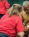Carra Day Carra joined our team during a season of her own crisis. Regardless of how difficult things were for her, she faithfully gave her best. Thank you, Carra, for showing me that seemingly overwhelming needs will be met by a loving Father and that empty hands always have something to give. (Picture of Carra praying over a homeless man at Operation Care) Hank Cates Hank joined our team later than many of the core team but instantly became a key ingredient. On days that were too hot, during tasks that were unfathomably difficult, when we needed it most, Hank’s ready smile and genuine laugh charged the atmosphere. Thank you, Hank, for reminding me that serving is a joy, and friends are meant to be enjoyed. Thank you for being my friend. (Picture as Hank saw the gutters he was asked to hang on a 100° day) Mary Jo Johnson Though she be but little, she is fierce. Nobody works harder than Mary Jo. Across the years, she has always given her very best. Whenever I was ready to give up and cut corners, she encouraged me to find a way and summoned the strength for both of us. Thank you, Mary Jo, for pushing us all to excellence in the details. We wouldn’t have been the same without you.
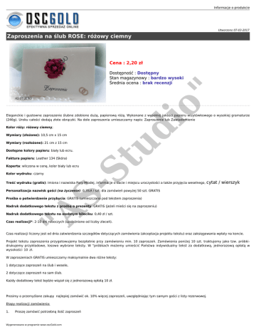 Informacje o produkcie Utworzono 07-03-2017 Zaproszenia na ślub ROSE: różowy ciemny Cena : 2,20 zł o" Dostępność : Dostępny Stan magazynowy : bardzo wysoki Średnia ocena : brak recenzji ud i Eleganckie i gustowne zaproszenie ślubne zdobione dużą, papierową różą. Wykonane z wysokiej jakości papieru wizytówkowego o wysokiej gramaturze (246g). Uroku całości dodają złote obrączki. Na dole zaproszenia umieszczamy napis: Zaproszenie lub Zawiadomienie Kolor róży: różowy ciemny; Wymiary (złożone): 10,5 cm x 15 cm Wymiary (rozłożone): 21 cm z 15 cm Faktura papieru: Leather 134 (Skóra) Koperta: wliczona w cenę, kolor biały lub ecru Kolor wydruku: czarny St Dostępne kolory papieru: biały lub ecru. / wierszyk S- Treść wydruku (gratis): Imiona i nazwiska Pary Młodej, informacje o dacie i miejscu uroczystości a także przyjęcia weselnego, cytat Personalizacja nazwisk gości (na życzenie): 0,35zł / szt; dla zamówień powyżej 50 szt. GRATIS Prośba o potwierdzenie przybycia: GRATIS (umieszczana pod tekstem zaproszenia) "A Nadruk dodatkowego tekstu z prośbą o prezenty: GRATIS (jeżeli mieści się na zaproszeniu) Nadruk dodatkowego tekstu na osobnym bileciku: 0,40 zł / szt. Czas realizacji*: 2-10 dni roboczych (uzależnione od liczby zleceń). Czas realizacji liczony jest od dnia zatwierdzenia szczegółów dotyczących zamówienia (akceptacja projektu tekstu) oraz zaksięgowania wpłaty na koncie. Projekt tekstu zaproszenia przygotowujemy bezpłatnie przy zamówieniu min. 10 zaproszeń. Zamówienia poniżej 10 szt. traktujemy jako tzw. próbkidrukujemy przykładowe, losowo wybrane teksty. W "próbkach możemy umieścić Państwa indywidualny tekst za dodatkową, jednorazową opłatą w wysokości 10 zł. W zaproszeniach GRATIS umieszczamy maksymalnie dwa różne teksty: 1 dotyczące zaproszeń na ślub i wesele, 2 dotyczące zaproszeń na sam ślub. Każdy dodatkowy tekst będzie wiązał się z jednorazową opłatą 10 zł. Prosimy o przemyślane zakupy najlepiej zamówić ok. 10% więcej zaproszeń, uwzględniając tym samym gości z listy rezerwowej. Etapy realizacji zamówienia: 1. Proszę zamówić potrzebną ilość zaproszeń Wygenerowano w programie www.oscGold.com 2. Prosimy o zapoznanie się z wzornikiem (w zakładce "Linki" na karcie produktu - "Kliknij aby pobrać specyfikację produktu PDF") oraz wybór: a. Wzoru czcionki użytej do wydruku tekstu zaproszenia b. Wzoru czcionki użytej do wydruku imion i nazwisk Pary Młodej (jeżeli inna niż użyta do tekstu zaproszenia) c. Tekstu zaproszenia d. Cytatu / sentencji e. Wierszyka z prośbą o prezenty (na życzenie) 3. Do 24h prześlemy formularz zamówienia (czas ten może ulec wydłużeniu jeżeli zamówienie zostało złożone w dniu wolnym od pracy) 4. Należy uzupełnić i odesłać "Formularz zamówienia", w którym znajdują się wszystkie niezbędne informacje potrzebne do sporządzenia projektu. Jeżeli decydują się Państwo na personalizację nazwisk gości prosimy o przesłanie kompletnej listy gości. Lista gości powinna zawierać wypunktowane i odmienione imiona i nazwiska gości tak by pasowały do formy gramatycznej treści zaproszenia np. 1) Janinę i Karola Nowickich 2) Katarzynę i Mariusza Dobrowolskich z dziećmi 3) Lucjana Martyniuka z osobą towarzyszącą "A S- St ud i Zalecamy zapisywanie listy goś o" 5.
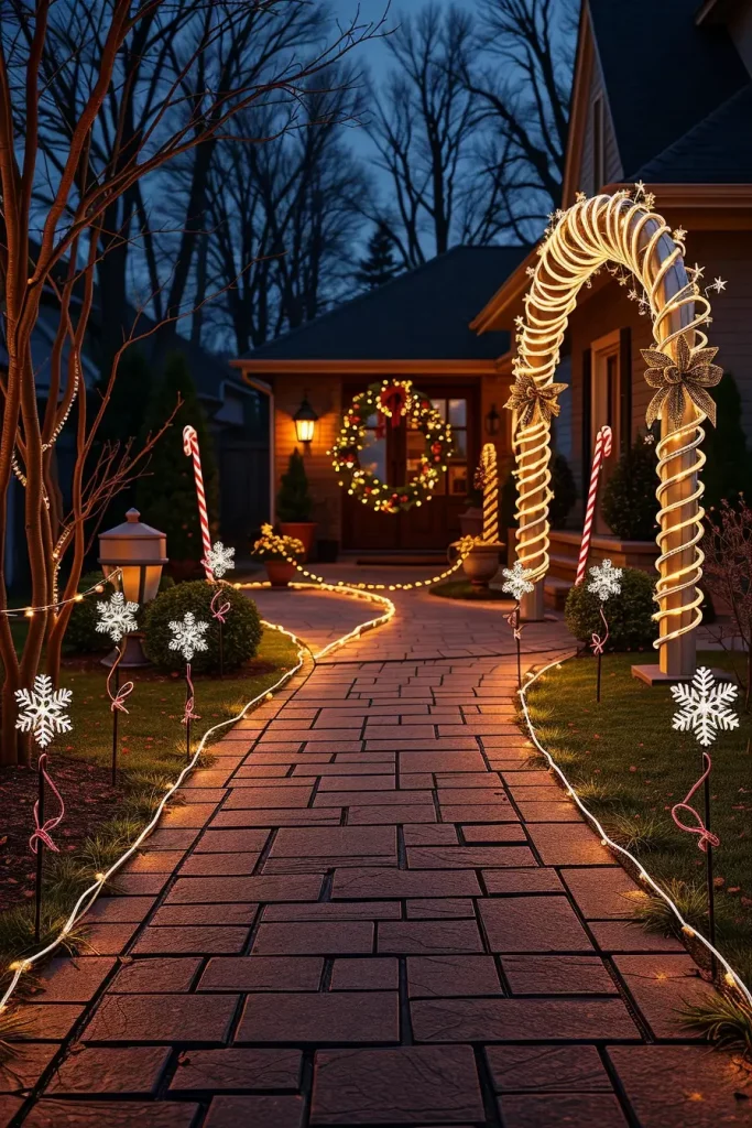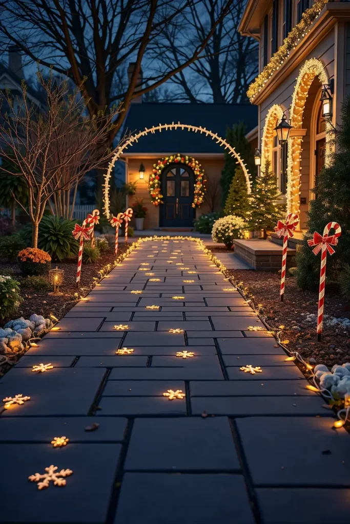 I tend to suggest a driveway that is bordered with rope lights or snowflake-shaped solar posts. Where there is a walk, I use candy cane posts or light arches which make a tunnel to the front door. Garlands on railings and fences on the surrounding ties the whole walk together into the general holiday motif.

▶ **YOUR GOAL**:
What you give back must match the material above exactly, minus its pictures.

▶ **RESPONSE BOX**:
Carra Day Carra joined our team during a season of her own crisis. Regardless of how difficult things were for her, she faithfully gave her best. Thank you, Carra, for showing me that seemingly overwhelming needs will be met by a loving Father and that empty hands always have something to give. (Picture of Carra praying over a homeless man at Operation Care) Hank Cates Hank joined our team later than many of the core team but instantly became a key ingredient. On days that were too hot, during tasks that were unfathomably difficult, when we needed it most, Hank’s ready smile and genuine laugh charged the atmosphere. Thank you, Hank, for reminding me that serving is a joy, and friends are meant to be enjoyed. Thank you for being my friend. (Picture as Hank saw the gutters he was asked to hang on a 100° day) Mary Jo Johnson Though she be but little, she is fierce. Nobody works harder than Mary Jo. Across the years, she has always given her very best. Whenever I was ready to give up and cut corners, she encouraged me to find a way and summoned the strength for both of us. Thank you, Mary Jo, for pushing us all to excellence in the details. We wouldn’t have been the same without you.
 Informacje o produkcie Utworzono 07-03-2017 Zaproszenia na ślub ROSE: różowy ciemny Cena : 2,20 zł o" Dostępność : Dostępny Stan magazynowy : bardzo wysoki Średnia ocena : brak recenzji ud i Eleganckie i gustowne zaproszenie ślubne zdobione dużą, papierową różą. Wykonane z wysokiej jakości papieru wizytówkowego o wysokiej gramaturze (246g). Uroku całości dodają złote obrączki. Na dole zaproszenia umieszczamy napis: Zaproszenie lub Zawiadomienie Kolor róży: różowy ciemny; Wymiary (złożone): 10,5 cm x 15 cm Wymiary (rozłożone): 21 cm z 15 cm Faktura papieru: Leather 134 (Skóra) Koperta: wliczona w cenę, kolor biały lub ecru Kolor wydruku: czarny St Dostępne kolory papieru: biały lub ecru. / wierszyk S- Treść wydruku (gratis): Imiona i nazwiska Pary Młodej, informacje o dacie i miejscu uroczystości a także przyjęcia weselnego, cytat Personalizacja nazwisk gości (na życzenie): 0,35zł / szt; dla zamówień powyżej 50 szt. GRATIS Prośba o potwierdzenie przybycia: GRATIS (umieszczana pod tekstem zaproszenia) "A Nadruk dodatkowego tekstu z prośbą o prezenty: GRATIS (jeżeli mieści się na zaproszeniu) Nadruk dodatkowego tekstu na osobnym bileciku: 0,40 zł / szt. Czas realizacji*: 2-10 dni roboczych (uzależnione od liczby zleceń). Czas realizacji liczony jest od dnia zatwierdzenia szczegółów dotyczących zamówienia (akceptacja projektu tekstu) oraz zaksięgowania wpłaty na koncie. Projekt tekstu zaproszenia przygotowujemy bezpłatnie przy zamówieniu min. 10 zaproszeń. Zamówienia poniżej 10 szt. traktujemy jako tzw. próbkidrukujemy przykładowe, losowo wybrane teksty. W "próbkach możemy umieścić Państwa indywidualny tekst za dodatkową, jednorazową opłatą w wysokości 10 zł. W zaproszeniach GRATIS umieszczamy maksymalnie dwa różne teksty: 1 dotyczące zaproszeń na ślub i wesele, 2 dotyczące zaproszeń na sam ślub. Każdy dodatkowy tekst będzie wiązał się z jednorazową opłatą 10 zł. Prosimy o przemyślane zakupy najlepiej zamówić ok. 10% więcej zaproszeń, uwzględniając tym samym gości z listy rezerwowej. Etapy realizacji zamówienia: 1. Proszę zamówić potrzebną ilość zaproszeń Wygenerowano w programie www.oscGold.com 2. Prosimy o zapoznanie się z wzornikiem (w zakładce "Linki" na karcie produktu - "Kliknij aby pobrać specyfikację produktu PDF") oraz wybór: a. Wzoru czcionki użytej do wydruku tekstu zaproszenia b. Wzoru czcionki użytej do wydruku imion i nazwisk Pary Młodej (jeżeli inna niż użyta do tekstu zaproszenia) c. Tekstu zaproszenia d. Cytatu / sentencji e. Wierszyka z prośbą o prezenty (na życzenie) 3. Do 24h prześlemy formularz zamówienia (czas ten może ulec wydłużeniu jeżeli zamówienie zostało złożone w dniu wolnym od pracy) 4. Należy uzupełnić i odesłać "Formularz zamówienia", w którym znajdują się wszystkie niezbędne informacje potrzebne do sporządzenia projektu. Jeżeli decydują się Państwo na personalizację nazwisk gości prosimy o przesłanie kompletnej listy gości. Lista gości powinna zawierać wypunktowane i odmienione imiona i nazwiska gości tak by pasowały do formy gramatycznej treści zaproszenia np. 1) Janinę i Karola Nowickich 2) Katarzynę i Mariusza Dobrowolskich z dziećmi 3) Lucjana Martyniuka z osobą towarzyszącą "A S- St ud i Zalecamy zapisywanie listy goś o" 5.
 I tend to suggest a driveway that is bordered with rope lights or snowflake-shaped solar posts. Where there is a walk, I use candy cane posts or light arches which make a tunnel to the front door. Garlands on railings and fences on the surrounding ties the whole walk together into the general holiday motif.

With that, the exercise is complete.